I am trying to prove
if $A$ is convex and $x^*\in A$, then $D(A,x^*)=cone(A-x^*)$, where $D(A,x^*)=\{ d\in \mathbb{R^n}| \exists \delta >0$ such that $x^* +td \in A, \forall t \in (0,\delta) \}$ and $A-x^*=\{ a-x^*|a\in A\}$.
Definition of cone: $Cone(A) = \{ \lambda a\ | a\in A , \lambda \geq 0\}$
What I have tried so far:
I believe $cone(A-x^*)=\{ \lambda (a-x^*)| a\in A , \lambda \geq 0\}$
Since $A$ is convex, $A-x^*$ is also convex. Since $A-X^*$ is convex, $cone(A-x^*)$ is convex cone. So, $cone(A-x^*)=\{ \sum ^k _{i=1} \lambda_i x^{(i)}| k\in \mathbb{N}, \lambda_i \geq0, x^{(i)}\in A-x^*\}$
I am trying somehow to find a way to connect $\{ \sum ^k _{i=1} \lambda_i x^{(i)}| k\in \mathbb{N}, \lambda_i \geq0, x^{(i)}\in A-x^*\}$ and $D(A,x^*)$, but I am not sure....
Please help me.
To help you with the outline I've provided in my last comment, to prove $D(A,0) = \text{Cone}(A)$ when $A$ is convex and $0 \in A$, you need to prove two things:
The first is the harder the prove, and requires both that $A$ is convex and $0 \in A$. The second holds for any $A$.

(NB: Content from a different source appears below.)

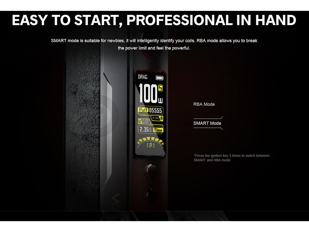 Špičkový nástupce velmi oblíbeného Pod Gripu Drag X, tentoktát s výkonem až 100W, tělo ze zinkové slitiny, na baterie 18650, nebo 21700, rychlé USB-C nabíjení, čip GENE.FAN 2.0 s rychlostí žhavení 0,001s, režimy Smart, RBA, Score Rating. Přehledný barevný TFT displej. Možno použít s jakýmkoliv Clearomizerem se závitem 510, případně s továními tanky TPP a PnP s 510 základnou.

To prove $\text{Cone}(A)\subseteq D(A,0)$, let $d \in \text{Cone}(A)$. Then there exist $\lambda > 0, a \in A$ with $d = \lambda a$. Let $\delta = \frac 1\lambda$. If $t \in (0,\delta)$, let $q = \frac t\delta = t\lambda$, so $q \in (0,1)$, and $td = \left(\frac q\lambda\right)\left(\lambda a\right) = qa$. But since $0, a \in A$, so is every point on the line segment connecting them. I.e., $td = qa \in A$. Therefore $d \in D(A, 0)$.